我有两个数据集,我想根据两个数据集中的datetime列将它们匹配在一起。我已经将两个日期时间都转换为POSIXct。
第一个数据集(df1
)如下:
shark depth temperature datetime date location
A 49.5 26.2 20/03/2018 08:00 20/03/2018 SS04
A 49.5 25.3 20/03/2018 08:02 20/03/2018 SS04
A 53.0 NA 20/03/2018 08:04 20/03/2018 SS04
A 39.5 26.5 20/03/2018 08:50 20/03/2018 Absent
A 43.0 26.2 21/03/2018 09:10 21/03/2018 Absent
A 44.5 NA 21/03/2018 10:18 21/03/2018 SS04
为简单起见,我减少了列数,但我的实际数据集有15个变量。
第二个数据集tides
是潮汐时间的列表:
date time t_depth t_state t_datetime
18/03/2018 02:33 2.09 High 20/03/2018 02:33
18/03/2018 08:39 0.45 Low 20/03/2018 08:39
18/03/2018 14:47 2.14 High 20/03/2018 14:47
18/03/2018 20:54 0.41 Low 20/03/2018 20:54
19/03/2018 03:01 2.13 High 21/03/2019 03:01
19/03/2018 09:09 0.41 Low 21/03/2019 09:09
我想基于t_state
在该潮汐时期内是否在df1
内,将df1$datetime
添加到tides$t_datetime
。我还要添加对应于该潮汐状态的t_depth
。
我对data.table非常陌生,并且对语法感到困惑。
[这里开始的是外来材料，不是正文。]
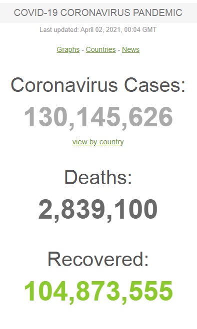 ติดเชื้อทั่วโลกแล้ว 130,145,626 ราย เพิ่มขึ้น 681,806 ราย เสียชีวิต 2,839,100 ราย เพิ่มขึ้น 11,445 ราย รักษาหาย 104,873,555 ราย

我尝试使用
df1[ copy(tides)t_state := i.t_state,
on = .( datetime >= t_datetime, datetime < end)]
这不起作用,但是我不确定如何解决此问题。
理想情况下,我的输出将是:
shark depth temperature datetime date location t_state t_depth
A 49.5 26.2 20/03/2018 08:00 20/03/2018 SS04 High 2.09
A 49.5 25.3 20/03/2018 08:02 20/03/2018 SS04 High 2.09
A 53.0 NA 20/03/2018 08:04 20/03/2018 SS04 High 2.09
A 39.5 26.5 20/03/2018 08:50 20/03/2018 Absent Low 0.45
A 43.0 26.2 20/03/2018 09:10 21/03/2018 Absent Low 0.45
A 44.5 NA 20/03/2018 10:18 21/03/2018 SS04 Low 0.45
如果可能的话,我还想知道如何添加为简单起见而省略的额外变量,是否有必要添加任何变量来解决这些问题?
谢谢!
通过数据输入的数据:
structure(list(shark = structure(c(1L, 1L, 1L, 1L, 1L, 1L), .Label = "A", class = "factor"),
depth = c(49.5, 49.5, 53, 39.5, 43, 44.5), temperature = c(26.2,
25.3, NA, 26.5, 26.2, NA), datetime = structure(1:6, .Label = c("20/03/2018 08:00",
"20/03/2018 08:02", "20/03/2018 08:04", "20/03/2018 08:50",
"21/03/2018 09:10", "21/03/2018 10:18"), class = "factor"),
date = structure(c(1L, 1L, 1L, 1L, 2L, 2L), .Label = c("20/03/2018",
"21/03/2018"), class = "factor"), location = structure(c(2L,
2L, 2L, 1L, 1L, 2L), .Label = c("Absent", "SS04"), class = "factor")), class = "data.frame", row.names = c(NA,
-6L))
structure(list(date = structure(c(1L, 1L, 1L, 1L, 2L, 2L), .Label = c("18/03/2018",
"19/03/2018"), class = "factor"), time = structure(c(1L, 3L,
4L, 5L, 2L, 2L), .Label = c("02:33", "03:01", "08:39", "14:47",
"20:54"), class = "factor"), t_depth = c(2.09, 0.45, 2.14, 0.41,
2.13, 0.41), t_state = structure(c(1L, 2L, 1L, 2L, 1L, 2L), .Label = c("High",
"Low"), class = "factor"), t_datetime = structure(c(2L, 3L, 1L,
4L, 5L, 6L), .Label = c(" 20/03/2018 14:47", "20/03/2018 02:33",
"20/03/2018 08:39", "20/03/2018 20:54", "21/03/2019 03:01", "21/03/2019 09:09"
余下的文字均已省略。